How a good app saved Chinnell 

An app which alerts people with CPR training to emergencies helped save the life of a woman in Cambridge.

Off-duty emergency medical technician Nichola Higgins was walking her dog when the Good Sam app she downloaded a week earlier went off, Newshub’s Karen Rutherford reported.

It directed her to the home of Chinnell Tihore who was having a cardiac arrest.

“I just opened it up and saw she was literally around the corner from me, so I jumped in my car and raced around there. Her friend was a bit shocked when I walked in,” Higgins said.

The 35-year-old St John officer said she “scooted him out of the way and proceeded to do what I was trained to do”.

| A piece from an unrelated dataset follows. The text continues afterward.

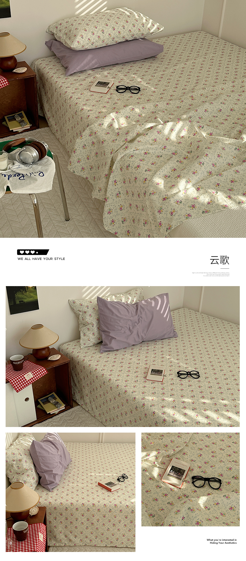(总)尺素 2025新款田园小清新纯棉四件套出口韩国ins博主风全棉被套纯色加大床单1.8床笠印花枕套学生宿舍三件套,春不晚 桃粉,花似锦 奶白,紫鸢千夏紫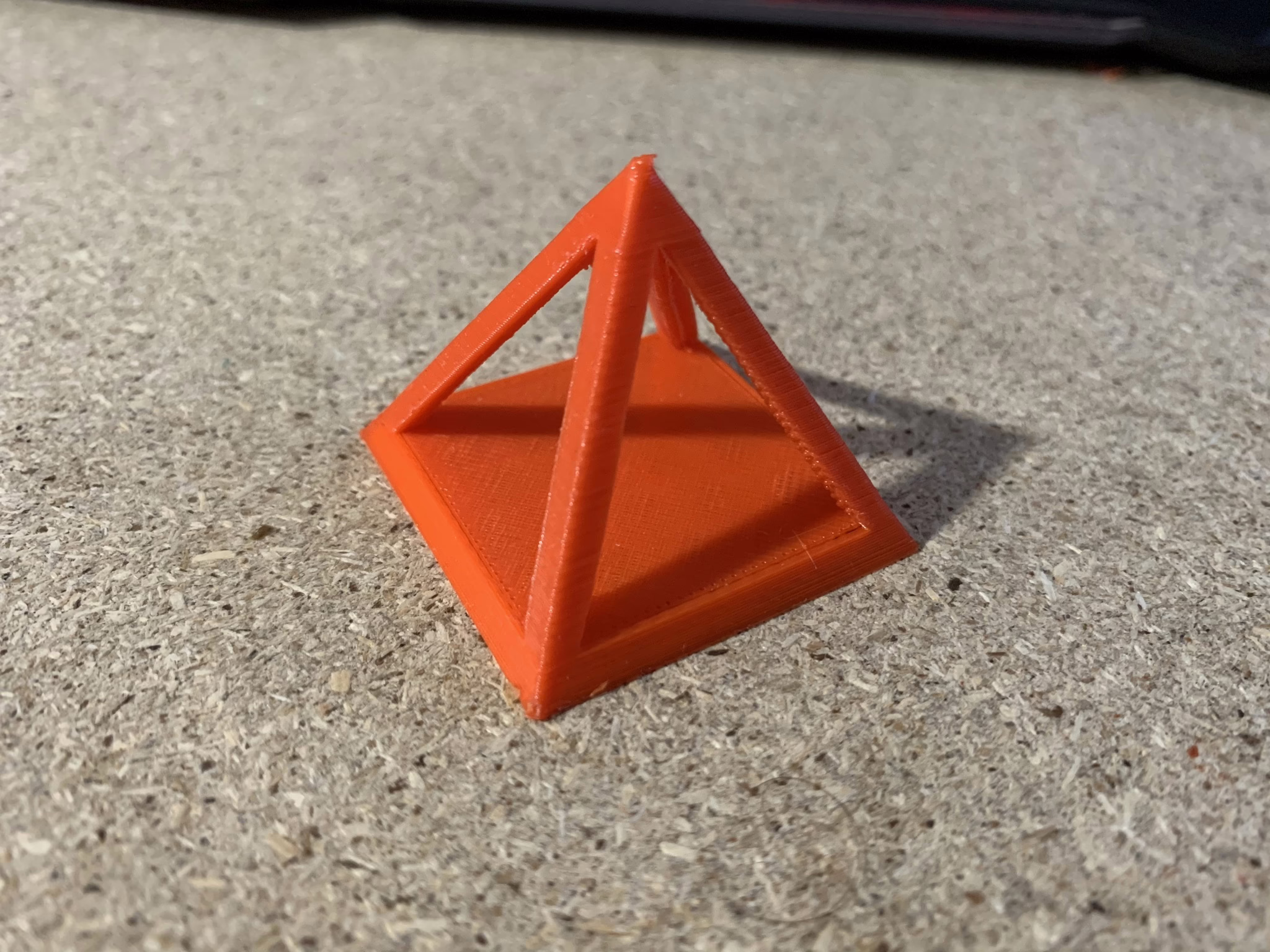 Zkusil jsem tedy další výtisk, ale tentokrát jsem odmotal dva metry filamentu (dostatek na vytištění pyramidky) z cívky tak, aby byl naprosto volný. Tisk se tentokrát povedl. Tudíž jediné a to velmi podstatné co bych této tiskárně vytknul je že nedokáže tisknout z plné kilové cívky. Proto jako první upgrade je potřeba předělat podávání filamentu na extruderu.

Cambridge fire and ambulance crews arrived soon after to offer backup, Higgins insisted it was a “team effort”.

“Essentially she looked dead, which is scary. Her poor son was there absolutely beside himself, which was heart-breaking. I was devastated I didn’t get to console him at the time,” Higgins said.

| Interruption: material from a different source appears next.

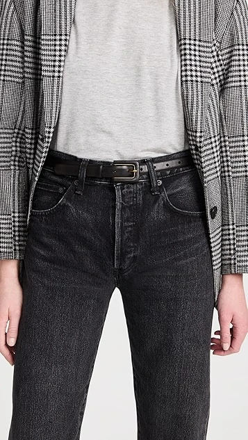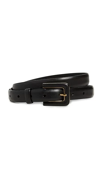 Supple black leather composes this Madewell belt, which features a covered buckle and a slim silhouette.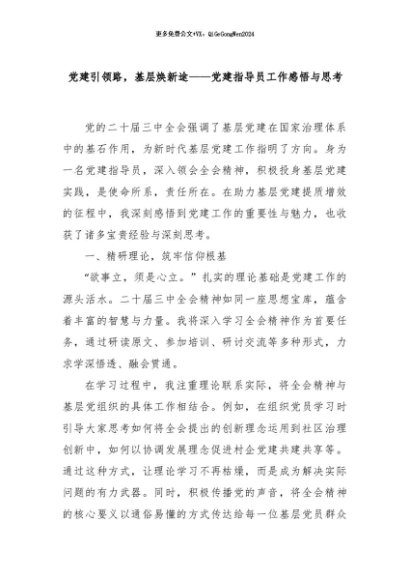 【七哥公文】2024年:党建引领路,基层焕新途——党建指导员工作感悟与思考+更多免费公文+VX:QiGeGongWen2024

Hato Hone St John told Newshub anyone with the skills to perform CPR or use a defibrillator can sign up for free for the Good Sam app. Using GPS, emergency services use it to ping responders within a kilometre of a suspected cardiac arrest no matter where they are in the world.

Ten thousand New Zealand medical professionals, fire crews and members of the public use the app, but Hato Hone St John would love it to be more.

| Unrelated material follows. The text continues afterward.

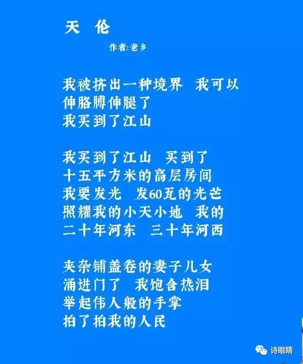 李老乡的这首《天伦》我看到了这种担当。也就是前面提到的对“根基”写作的坚守与“共验”写作的作为。

Cardiac arrests are one of the leading causes of death in New Zealand. On average 2000 people a year suffer a cardiac arrest and statistics show only 25 survive the arrest itself.

“It doesn’t cost you anything and it’s voluntary, you don’t have to attend [an incident] but if you do you could potentially save a life by starting those compressions,” Higgins said

Tihore put up a social media post in an effort to find and thank Higgins – and the pair were reunited this week.

“She is like a hero to me, she did what any superhero would do and saved my life,” she said.